Foi aprovada pelos vereadores de Franca o Projeto de Emenda à Lei Orgânica nº 2/2021, de autoria dos vereadores Donizete da Farmácia (MDB), Zezinho Cabeleireiro (PP) e Marcelo Tidy (DEM), que altera a redação do inciso IV, do art. 8º, da Lei Orgânica do Município de Franca. A matéria visa permitir a abertura, conservação e manutenção de estradas e caminhos, sobretudo em áreas urbanizáveis, de expansão urbana e de ocupação rural, sob jurisdição do município. “É um projeto muito importante pra cidade está dando uma autonomia que a Prefeitura passe a máquina nestas estradas, onde tem muitas crianças, que precisa pegar as vans escolares, onde moram”, justificou um dos autores da matéria, o vereador Zezinho Cabeleireiro (PP).
Também foi aprovado o Projeto de Lei nº 125/2021, de autoria do prefeito Alexandre Ferreira (MDB), que revoga a Lei Municipal 8.348, de 18 de dezembro de 2015, pela renúncia à Declaração Municipal de Utilidade Pública do Instituto Cidade do Calçado.
“Essa foi uma exigência para manter a qualificação da entidade como OSCIP. Sendo assim, considerando que a Declaração de Utilidade Pública é concedida por lei, consequentemente, também por lei deve ser revogada”, explicou o chefe do Poder Executivo.

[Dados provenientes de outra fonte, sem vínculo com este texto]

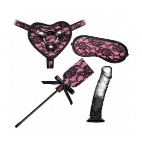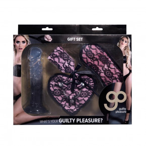 What's your guilty pleasure? Deze Guilty Pleasure geschenkset bestaat uit een hartvormig harnas, een dildo, een oogmasker en een paddle en is roze van kleur, afgewerkt met zwart kant.

Foi votado e aprovado o Requerimento nº 377/2021, do vereador Luiz Amaral (REP), que solicita informações sobre a existência de projeto para instalação de um posto de coleta para exames laboratoriais na região sul da cidade. “Grande é a dificuldade deste pessoal da região sul, de estar vindo ao Centro para fazer estes exames, então, este é o problema. Não é uma, são muitos que estão pedindo para que resolva esta situação”, justificou Amaral.
Os vereadores aprovaram ainda o Requerimento nº 382/2021, do vereador Gilson Pelizaro (PT), pelo qual pede informações ao Sr. Prefeito Municipal em relação à crise hídrica do município. O documento indaga sobre quais providências estão sendo tomadas pela municipalidade em relação aos possíveis impactos aos serviços prestados pela Prefeitura diante de um eventual apagão. Pelizaro questiona ainda a existência de ações para redução do consumo de energia elétrica e respectivos prazos. Também pergunta o percentual de pontos de iluminação pública substituídos por lâmpadas LED e se existe um plano para substituição integral da iluminação nas vias públicas pela tecnologia.
O autor da matéria defendeu a convocação de representante da CPFL, responsável pela distribuição de energia elétrica no município, para prestar esclarecimentos acerca das frequentes quedas de energia registradas e sobre a existência de plano para enfrentar um possível “apagão”.